= What the task requires =
Return nothing but the lines from the one with "rd Any 4 y/o" through the one with "Kozielski Rynek - Hotel" in the data below, word for word and without pictures.

= Data below =
• • • • • • •
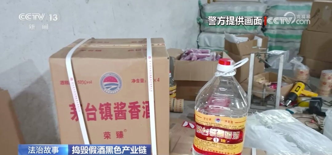 在现场,警方查获将近3000瓶成品酒,2000多斤的原料酒,还有灌装机、打包机以及印有茅台标识的酒瓶、防伪标签。此外,在回收站的一个房间里,民警还发现了一些账本,账本中列明了这个团伙制作售卖假酒的具体交易记录。
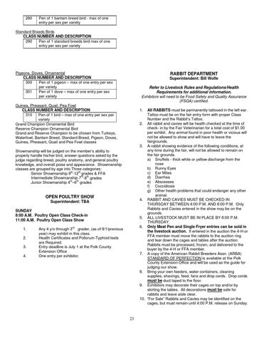 rd Any 4 y/o through 3 grader, (as of 9/1/previous year) may exhibit in this class. Health Certificates and Pollorum-Typhoid tests are Required. Entry deadline is July 1 at the Polk County Extension Office One entry per exhibitor.
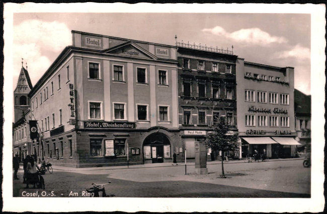 Kozielski Rynek - Hotel Kronprinz - nocował w nim syn cesarza niemieckiego i następca tronu. (pocztówka z 1939 roku)
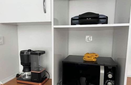 The kitchen is fully equipped. A refrigerator, stove, range hood, microwave, kettle, coffee maker, cups, citrus press, blender, pots and pans, cutlery, and all other necessities are available.
• • • • • • •
= Reply to the task =
 rd Any 4 y/o through 3 grader, (as of 9/1/previous year) may exhibit in this class. Health Certificates and Pollorum-Typhoid tests are Required. Entry deadline is July 1 at the Polk County Extension Office One entry per exhibitor.
 Kozielski Rynek - Hotel Kronprinz - nocował w nim syn cesarza niemieckiego i następca tronu. (pocztówka z 1939 roku)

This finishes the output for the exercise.